La utilización de un clásico para hacer experimentos de cocina fusión puede dar con la tortilla en el suelo. David Gordon Green, asentado en el mundo de
Halloween y su atracción por los
exorcismos, lo clava mientras machaca las neuronas del cinéfilo en busca de inventiva terrorífica. Para innovar el miedo sólo es necesario dejarse llevar por la sencillez de la maldad transgresora que no conoce límites, como hizo la niña Regan en 1973; armar una atmósfera sórdida donde las miradas y las sombras causen pánico, como el
Nosferatu de Murnau.
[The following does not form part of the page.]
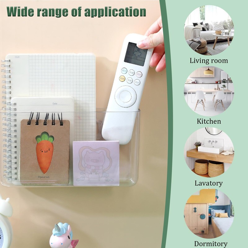 NO MORE AIMLESS SEARCH FOR ITEMS: Let you no longer search everywhere for the remote control or keys. Place them on the adhesive remote holder wall mount. The transparent design of the wall pocket enables you to see the items you are looking for immediately.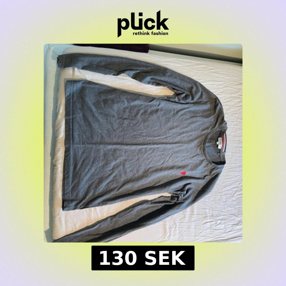 Säljer en stilren grå långärmad tröja från U.S. Polo Assn med en liten röd logga broderad på bröstet. Tröjan har rund halsringning och är perfekt för en enkel och klassisk look.

No merece la pena entrar en una análisis comparativo con la semilla del mal que William Friedkin ha esparcido por las tinieblas del tiempo. Si Gordon Green ha querido seguir la senda dejada por los pasos de un maestro, y padre de la criatura, el patinazo decepciona en vez de asustar. El drama se recubre de situaciones forzadas que invitan a poner ajo en las puertas, como si estuviéramos en
Transilvania.
El comienzo dibuja el retrato repetitivo de Centroamérica inundada de mercadillos, santeros, brujos callejeros y chavales listos que hablan buen inglés a base de morcillas turísticas. La ficción arranca con aires de postal para convertirse en tragedia sísmica invocando a
La guerra de los mundos en versión de
Tom Cruise. Las paredes se derrumban, el suelo se agrieta, la gente corre despavorida y el espectador espera algo de acción en su butaca. Después de saber para qué ha pagado se entrada, la presencia del maligno se sospecha de manera inconsciente y errática. Una catarata de infortunios aparece sin narrativa coherente para llenar escenas vacías. Desapariciones, recuerdos del pasado, invocaciones hacia seres queridos y posesiones descafeinadas hacen de este largometraje una experiencia aburrida donde sólo los efectos especiales adquieren algo de protagonismo.